Statistical variation in progressive scrambling



The two methods most often used to evaluate the robustness and predictivity of partial least squares (PLS) models are cross-validation and response randomization. Both methods may be overly optimistic for data sets that contain redundant observations, however. The kinds of perturbation analysis widely used for evaluating model stability in the context of ordinary least squares regression are only applicable when the descriptors are independent of each other and errors are independent and normally distributed; neither assumption holds for QSAR in general and for PLS in particular. Progressive scrambling is a novel, non-parametric approach to perturbing models in the response space in a way that does not disturb the underlying covariance structure of the data.

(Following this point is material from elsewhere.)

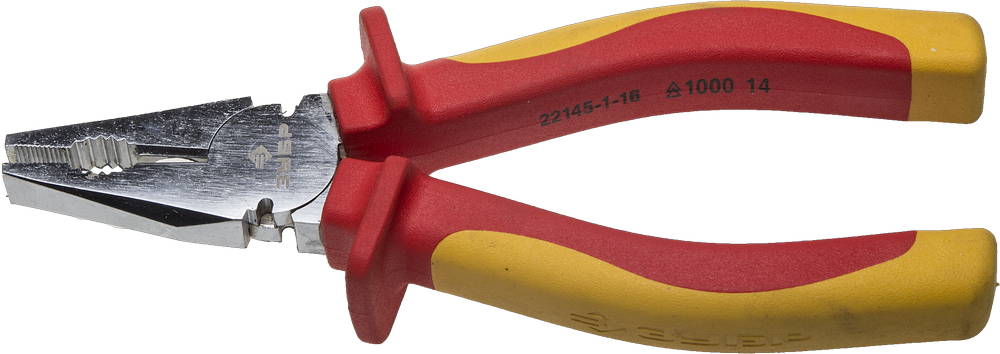 Плоскогубцы ЗУБР "ПРОФЕССИОНАЛ" "ПРОФИЭЛЕКТРИК", диэлектрические комбинир., двухкомп рукоятка. 160мм - 22145-1-16

Here, we introduce adjustments for two of the characteristic values produced by a progressive scrambling analysis -- the deprecated predictivity (\(Q_{\rm s}^{\ast^2}\)) and standard error of prediction (SDEPs*) -- that correct for the effect of introduced perturbation. We also explore the statistical behavior of the adjusted values (\(Q_{\rm 0}^{\ast^2}\) and SDEP0*) and the sensitivity to perturbation (dq2/dryy ′2). It is shown that the three statistics are all robust for stable PLS models, in terms of the stochastic component of their determination and of their variation due to sampling effects involved in training set selection.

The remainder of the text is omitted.